4. You don’t owe anyone anything about the way you look. Thinness, prettiness, youthfulness – these are just things a patriarchal society teaches women they must possess in order to be accepted (by men). You owe them nothing.
5. You will have your first real taste of life’s fragility. At some point in your 20s, you’ll experience the very real and very bittersweet coexistence of life and death. The people around you will start having babies; the people around you will start dying. Depending on how lucky you are, you will, at some point, be faced with the terrifying and inescapable and humbling nature of mortality. Your parents, guardians, family members — they will start to fade. Watching them fade will be one of the hardest things you will ever have to do, and it will be hard because there is absolutely nothing you can do about it. But it will make you realise that the very value of life lies in its impermanence. You will cherish every waking moment with the fading people. You will become more grateful than you have ever been.
6. Being afraid doesn’t mean you aren’t brave. There is no such thing as someone who does brave things without being utterly terrified while doing them.
7. Don’t lie about your meter readings. It catches up with you.
8. Similarly, just pay the damn TV license.
9. The patience you have for your loved ones grows astronomically. It will stop seeming so irritating when your mum calls you for the tenth time to ask you how to reset the WiFi, or when your friend turns up late to drinks for the fifth time in a row. The little things that once seemed so important will matter less and less. Really, you’ll learn, they just don’t matter at all.
10. Accepting a partner’s flaws doesn’t mean accepting disrespect. There is a delicate line to be walked like a tightrope between helping someone grow, and letting them exploit the good in you.
11. Stand up for yourself. Forget what you were taught about being a good, polite, quiet woman. Be unapologetic, get loud, fight back. No one ever told a man to take up less space.
12. You probably aren’t going to neatly fold that fitted bed sheet. Just shove it in the drawer until it’s time to change your bedding. All the creases get stretched out anyway.
13. You probably aren’t going to eat the other half of that avocado. It’s going to turn to inedible brown mush in your fridge before inevitably fermenting in your bin. Just use the whole damn avocado.

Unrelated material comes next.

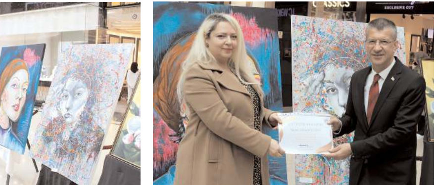
Sergide eseri bulunan öğretmenlere katılım belgesi verildi.

14. You probably aren’t going to ‘stop at one’. Eat another chocolate, order another glass of wine. If life was made to lived by small, fleeting moments of joy it would be insufferably boring (although you’d probably have more money).
15. You probably aren’t going to buy a house at 25, get married by 28, and have three kids and a golden retriever named Lucky by 30. As women, we’re sold the idea that ‘having it all’ happens by the time you’re 30, and that if you haven’t achieved it, you’ve somehow failed. Your life will now plummet into geriatric misery and everyone else’s “successes” will leap out and smack you round the face whenever they’re posted on Instagram (this will be often). But you must learn to resist comparison culture as much as possible. You are on a different life trajectory to other people, and there is nothing wrong with that. You are not a failure if you haven’t been knocked up by the time you’re 30. You are not a failure if you don’t own a house during one of the country’s biggest economic crises in decades. You’re doing just fine. Besides, ‘having it all’ is a myth anyway.
16. Any job that equates your worth to the hours you put in – especially overtime and out-of-hours work – instead of the actual work you’re doing, is categorically not worth it. And your manager deserves to be reported to HR.